Loktyushin, A., Nickisch, H., Pohmann, R., & Schölkopf, B. (2015). Blind multirigid retrospective motion correction of MR images. Magnetic Resonance in Medicine, 73(4), 1457-1468. doi:10.1002/mrm.25266.


Cite as: https://hdl.handle.net/11858/00-001M-0000-002A-4687-C
Abstract
Purpose Physiological nonrigid motion is inevitable when imaging, e.g., abdominal viscera, and can lead to serious deterioration of the image quality. Prospective techniques for motion correction can handle only special types of nonrigid motion, as they only allow global correction. Retrospective methods developed so far need guidance from navigator sequences or external sensors. We propose a fully retrospective nonrigid motion correction scheme that only needs raw data as an input. Methods Our method is based on a forward model that describes the effects of nonrigid motion by partitioning the image into patches with locally rigid motion. Using this forward model, we construct an objective function that we can optimize with respect to both unknown motion parameters per patch and the underlying sharp image. Results We evaluate our method on both synthetic and real data in 2D and 3D. In vivo data was acquired using standard imaging sequences.

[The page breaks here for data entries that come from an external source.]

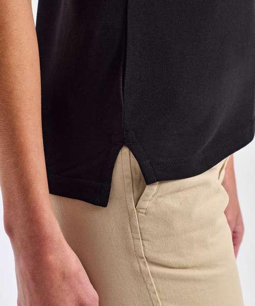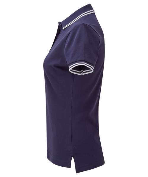 Fitted polo for women with tipped contrast detail to the collar and cuffs. Two contrast coloured buttons on placket. Contrast colour on side vents. Twin-needle stitching on hem. Ribbed knit collar and sleeve cuffs. Machine washable. Product contains no branded neck label. Removable Kimble or looped garment tags. Inner seam label holds important product information on one label with a second label containing brand information which can be cut-away. Please note old stock may contain a fixed branded label.
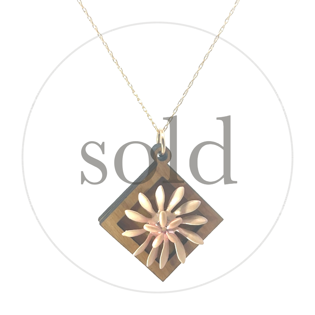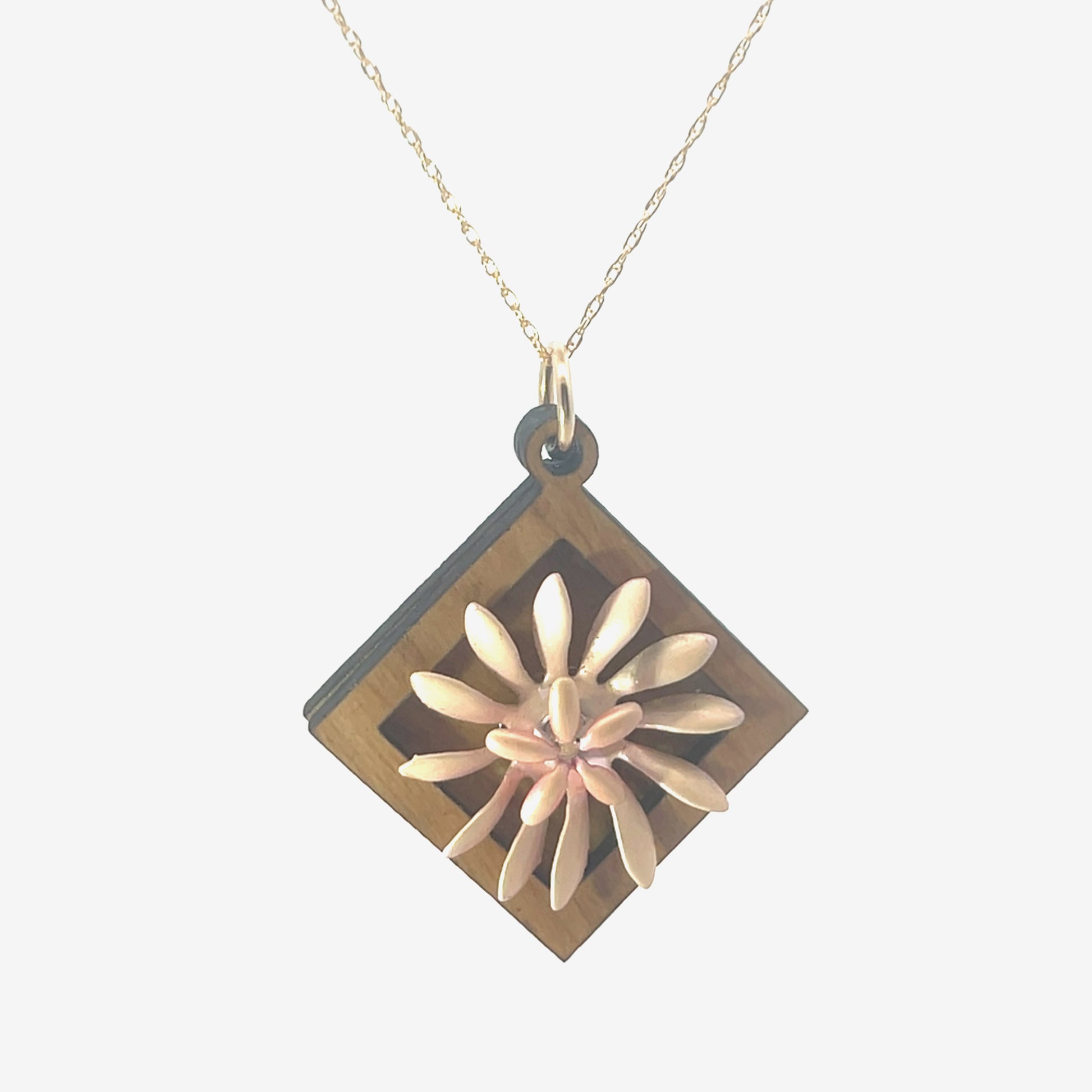 This one-of-a-kind wooden pendant necklace in cherry hardwood features a stacked set of vintage enameled floral elements in pale pink, creating a delicately modern abstraction that captivates the eye and creates an instant conversation starter.
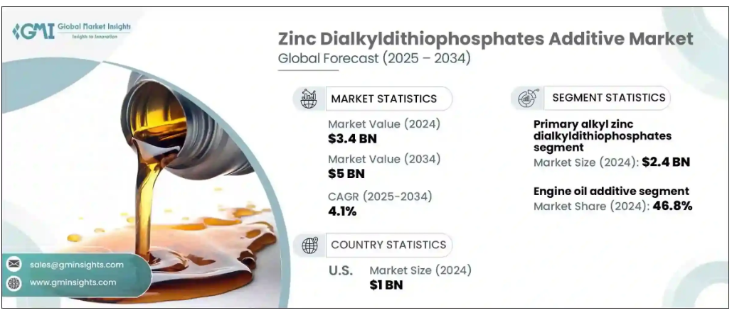 ジアルキルジチオリン酸亜鉛添加剤の世界市場規模は2024年に34億米ドルとなり、2025年から2034年にかけて年平均成長率4.1%以上で成長すると予測されています。

The correction algorithm significantly improves the image quality. Our compute unified device architecture (CUDA)-enabled graphic processing unit implementation ensures feasible computation times. Conclusion The presented technique is the first computationally feasible retrospective method that uses the raw data of standard imaging sequences, and allows to correct for nonrigid motion without guidance from external motion sensors.